To pomiędzy nim a Rohanim trwa obecnie batalia o prezydenturę. Jest przy tym Raisi uważany za bliskiego człowieka Najwyższego Przywódcy ajatollaha Alego Chameneiego, sprawującego swą funkcję dożywotnio jako najwyższy autorytet w Islamskiej Republice Iranu. To właśnie Raisi miałby być jego następcą. Pod warunkiem jednak, że udałoby mu się uprzednio zdobyć stanowisko prezydenta. Może być to trudne mimo szczodrych obietnic wyborczych, np. zwielokrotnienia subwencji rządowych na wiele towarów.

Dlatego atak na Rohaniego polega w znacznej mierze na przedstawianiu Iranu jako kraju w ruinie, w którym, jak udowadniał Mohamad Kalibaf, 10 proc. Irańczyków kładzie się spać bez posiłku, gdyż ich na niego nie stać, a jedna trzecia mieszkańców miast żyje w nędzy, szerzy się plaga narkomanii, rozwodów i bezrobocia. Z jego danych wynika, że 4 proc. społeczeństwa dysponuje skumulowanym majątkiem o wartości 250 mld dol. Stąd hasło zwolenników Ebrahima Raisiego: „Nie chcemy być rządzeni przez 4 proc.".

Kontrrewolucji nie będzie

– Nie ma w Iranie znaczących obszarów nędzy czy skrajnej biedy, a współczynnik Giniego jest na poziomie państw zachodnich – przekonuje „Rzeczpospolitą" pragnące zachować anonimowość źródło w Teheranie. Zwraca też uwagę, że to USA nie ułatwiają obecnie zadania reformatorowi Rohaniemu. Tuż przed wyborami sankcje dotknęły kolejnych kilku irańskich specjalistów z przemysłu zbrojeniowego.

W czasie kampanii wyborczej Donald Trump nazwał porozumienie z Iranem najgorszym, z jakim się kiedykolwiek zetknął. Nie przysparza to zwolenników prezydentowi Rohaniemu, jak i słynny dekret Trumpa zakazujący wjazdu do USA obywatelom siedmiu krajów muzułmańskich.

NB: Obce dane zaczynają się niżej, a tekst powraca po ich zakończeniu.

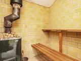 Die helle, gut ausgestattete Wohnküche findet man in direktem Anschluss an das den Wohnbereich mit großem Fenster und Holzofen, sodass Sie die wunderbare Aussicht in herrlich warmer Umgebung genießen können. Das Ferienhaus verfügt zudem über zwei gute Schlafzimmer und ein großes Badezimmer mit Dusche und Fußbodenheizung. Der separate Annex nebenan auf dem Grundstück bietet zusätzlich Platz für zwei Personen. Dort befindet sich auch die finnische Sauna. Vom Wohnzimmer aus hat man Zugang zu einer 50 m2 offenen, südwestlich ausgerichteten Terrasse, auf der man in guten Gartenmöbeln alle Sonnenstunden mit schöner Aussicht genießen kann.

Słynny reżyser Asghar Farhadi zbojkotował oscarową galę i nie odebrał osobiście Oscara za swój film „Klient". Takie sprawy nie obchodzą zapewne większości Irańczyków, ale zmniejszają szeregi tych którzy wiążą wielkie nadzieje z ewolucyjną zmianą polityki wobec świata zachodniego.

– W Iranie nie wydarzy się żadna rewolucja, a zmiany w świadomości społecznej wymagają bardzo długiego czasu – mówi nasze źródło w Teheranie. W pewnych sferach są zauważane, jak np. mniejsze niż w przeszłości zainteresowanie ubiorami kobiet ze strony policji obyczajowej, co zresztą popiera prezydent Rohani. Nadal kwitnie jednak praktyka skazywania na karę śmierci za obrazę islamu.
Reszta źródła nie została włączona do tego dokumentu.